5′-FAM-TGC-ACG-GTC-ACC-GCT-MGB-3′

2.2.1.

Le soluzioni stock della miscela di primer e sonda sono preparate in una concentrazione 25× di 5 μΜ per i primer forward e reverse e 3 μΜ per la sonda. Si dovrà preparare uno schema della piastra sperimentale e caricarlo nella software sul dispositivo della PCR in tempo reale. Utilizzando lo schema come guida, aggiungere 5 μl di campioni di RNA, comprendenti campioni di prova e controlli positivi e negativi, ai pozzetti appropriati della piastra seguendo lo schema.

2.2.2.

L'RNA viene denaturato mediante riscaldamento a 95 °C per 5 minuti, seguito da un rapido raffreddamento sul ghiaccio per almeno 3 minuti.

2.2.3.

Si prepara un volume appropriato di miscela master RT-PCR a fase unica in tempo reale per il numero di campioni da esaminare, seguendo le istruzioni del fabbricante. Includere 1 μl della soluzione stock 25 × della miscela di primer e sonda (di cui al punto 2.2.1) nella miscela master per ottenere una concentrazione finale in ciascun pozzetto di 200 nM per ogni primer e 120 nM della sonda. Distribuire 20 μl della miscela master in ciascun pozzetto sulla piastra PCR contenente l'RNA denaturato.

2.2.4.

La piastra è collocata in un termociclatore a tempo reale programmato per la retro-trascrizione e l'amplificazione del cDNA/l'individuazione della fluorescenza, come indicato dai fabbricanti. Le condizioni di amplificazione consistono, ad esempio, in una prima fase di retro-trascrizione a 48 °C per 10 minuti, seguita da 10 minuti a 95 °C («hot start») e 40 cicli di 15 secondi a 95 °C e di 45 secondi a 60 °C.

2.2.5.

I campioni sono considerati positivi se la fluorescenza normalizzata per il saggio RT-PCR dell'AHSV supera una soglia di 0,1 nei 36 cicli della PCR in tutte le repliche di un campione.

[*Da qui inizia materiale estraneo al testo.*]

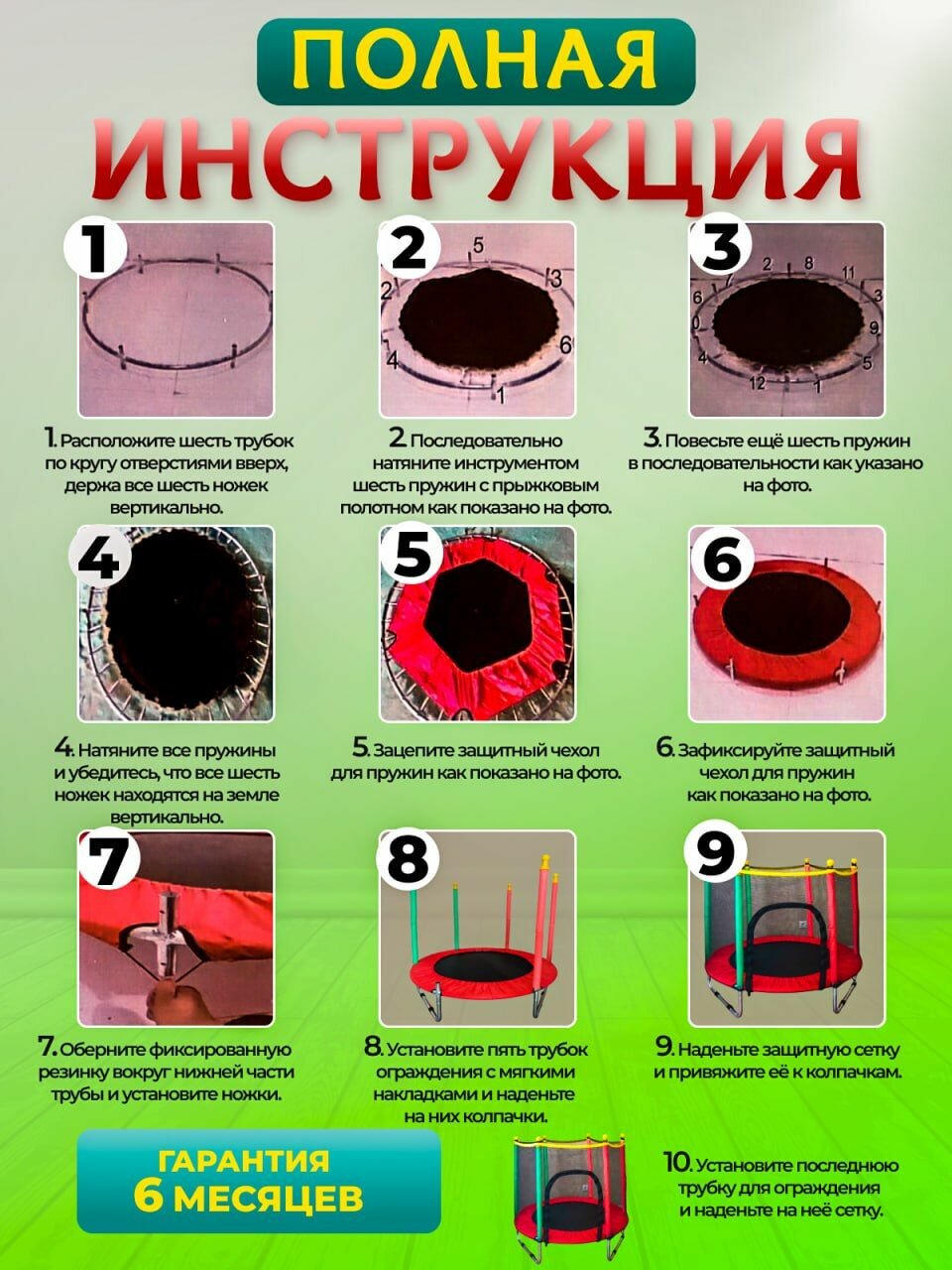 | Состав набора | защитная сетка, батутное полотно, ножки, крепеж |

I campioni sono considerati non conclusivi se la fluorescenza normalizzata per il saggio RT-PCR dell'AHSV supera una soglia di 0,1 tra i cicli 36 e 40 della PCR in tutte le repliche di un campione.

I campioni sono considerati negativi se la fluorescenza normalizzata per il saggio di RT-PCR dell'AHSV non ha superato una soglia di 0,1 nei 40 cicli della PCR in tutte le repliche di un campione e se la fluorescenza normalizzata per il saggio di controllo esterno sintetico brevettato ha superato una soglia di 0,1 in 33 cicli della PCR.»